随着SARS-CoV-2感染病例被发现,来自世界各地的相关基因组数据迅速汇集到全球共享流感数据倡议组织(GISAID)数据库EpiCoV,迄今已经>55 000条(截至2020年6月24日)[6]。中国国家生物信息中心(CNCB)/国家基因组科学数据中心(NGDC)首先建立了病毒基因组序列信息库(https://bigd.big.ac.cn/ncov)[7],中国国家微生物科学数据中心发布“全球冠状病毒组学数据共享与分析系统”(http://nmdc.cn/coronavirus)[8],旨在促进国内外冠状病毒数据的汇集、综合分析及共享。在世界卫生组织(WHO)宣布COVID-19全球大流行之后,英国一些公共卫生实验室和学术机构成立了英国COVID-19基因组联合组织(COG-UK),为当地国家健康体系(NHS)中心和政府提供大规模快速基因组测序[9]。美国在2020年5月宣布成立由CDC牵头的全国基因组联合组织(SPHERES), 以便在全国监测病毒变异,并在全国、全球范围及时分享基因组数据,参加的机构包括联邦、州公共卫生实验室、学术机构、国家实验室、非赢利研究所等100多个实验室[10],以上平台获得的基因组序列同时跟GISAID数据库共享。其它国家也紧急启动了类似计划,从全球不同地域感染者检测到的病毒基因组序列源源不断地传送到GISAID数据库,促进了当前SARS-CoV-2实时基因组流行病学的实现。

2 SARS-CoV-2基因组分型现状

相对于其它常见RNA病毒如流感病毒、人免疫缺陷病毒(HIV)等,SARS-CoV-2病毒基因组较大,编码蛋白更复杂,生物信息学分析存在一定难度,尚未建立起约定俗成的分型体系。自疫情暴发以来,不同研究团队为了显示不同来源(如地域、时间、群体等)病毒株之间的遗传联系,使用过单倍型(haplotype)、型(type)、分支(clade)、谱系(lineage)等术语[11-14]。

Forster等[11]将疫情初期来自全球的感染者共160株基因组序列进行种系发生网络分析,按照氨基酸改变区分出3种主要变异株,命名为A、B、C三种型(type)。A型最古老,与云南蝙蝠分离株BatCoV RaTG13遗传关系最接近。B型主要在东亚,A和C型则主要在欧洲和美洲。A型和B型的差异体现在T8782C和C28144T 两处突变,前者为无义突变,后者引起一个亮氨酸突变为丝氨酸,而C型病毒与B型差异是G26144T,甘氨酸突变为缬氨酸。
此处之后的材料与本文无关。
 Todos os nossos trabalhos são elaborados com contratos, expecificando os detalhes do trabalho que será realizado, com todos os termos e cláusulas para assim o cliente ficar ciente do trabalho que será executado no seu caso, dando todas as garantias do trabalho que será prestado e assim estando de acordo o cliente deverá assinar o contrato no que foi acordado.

GISAID网站在收集、维护全球毒株基因组数据库的同时,也有团队专门从事基因组流行病学研究。疫情初期每日更新数据,及时提供了基于全长基因组序列的种系发生分析结果,以便公众了解不同来源冠状病毒之间遗传联系。随着疫情持续积累了更多序列数据,GISAID网站每周提供两次更新,将毒株划分为不同的分支(clade)[6]。其中,根据一些标志性突变位点,GISAID网站最初分为S和L 2个分支,分别在基因组8782和28144位点存在2个紧密联系的单核苷酸多样性(SNPs), 前者导致orf1ab基因无义突变T8517C,后者导致ORF8基因C251T变异,对应氨基酸突变为S84L[6,12]。随后又分为S、G、V分支,分别表示在ORF8蛋白L84S、S蛋白D614G和NS3蛋白G251V的标志性突变,以G分支毒株出现频率最高,不具备上述特征的其余毒株则划分为O分支(other clade)。将G分支再进一步细分,其中GH分支是在S蛋白D614G突变基础上同时具有NS3蛋白Q57H突变,GR分支是在S蛋白D614G突变基础上同时存在N蛋白G204R突变。因此,目前GISAID网站存在S、L、V、G、GH、GR和O共7个分支。
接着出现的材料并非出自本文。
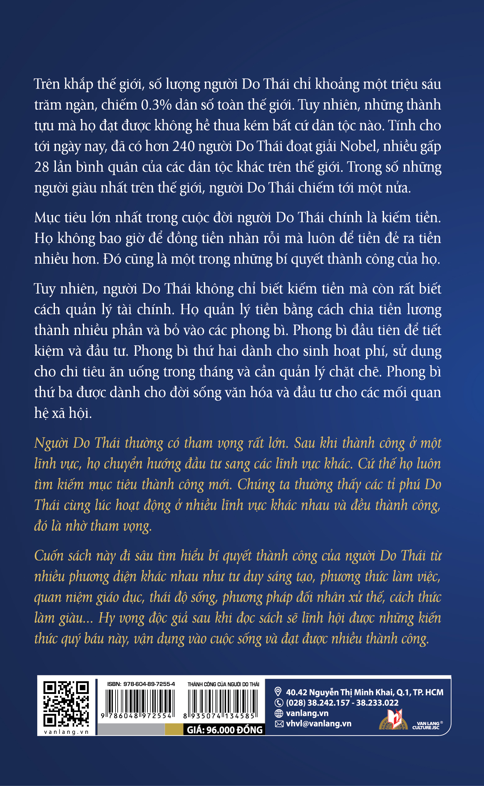 Cuốn sách này đi sâu tìm hiểu bí quyết thành công của người Do Thái từ nhiều phương diện khác nhau như tư duy sáng tạo, phương thức làm việc, quan niệm giáo dục, thái độ sống, phương pháp đối nhân xử thế, cách thức làm già Hy vọng độc giả sau khi đọc sách sẽ lĩnh hội được những kiến thức quý báu này, vận dụng vào cuộc sống và đạt được nhiều thành công."

Nextstrain团队(https://nextstrain.org/)一直致力于实时追踪病原体进化[13]。疫情暴发之后,利用GISAID数据库,Nextstrain网站提供基于全球毒株数据的实时进化树(https://nextstrain.org/ncov/global)。该团队命名病毒分支的原则是,当具有共同特征的病毒在全球出现频率达到20%,即可命名一个新的分支,以“首次出现年份+字母表中最近的第2个字母”形式表示,且1个新的分支应当与先前分支存在2个以上突变。目前分为19A、19B、20A、20B、20C共5个分支。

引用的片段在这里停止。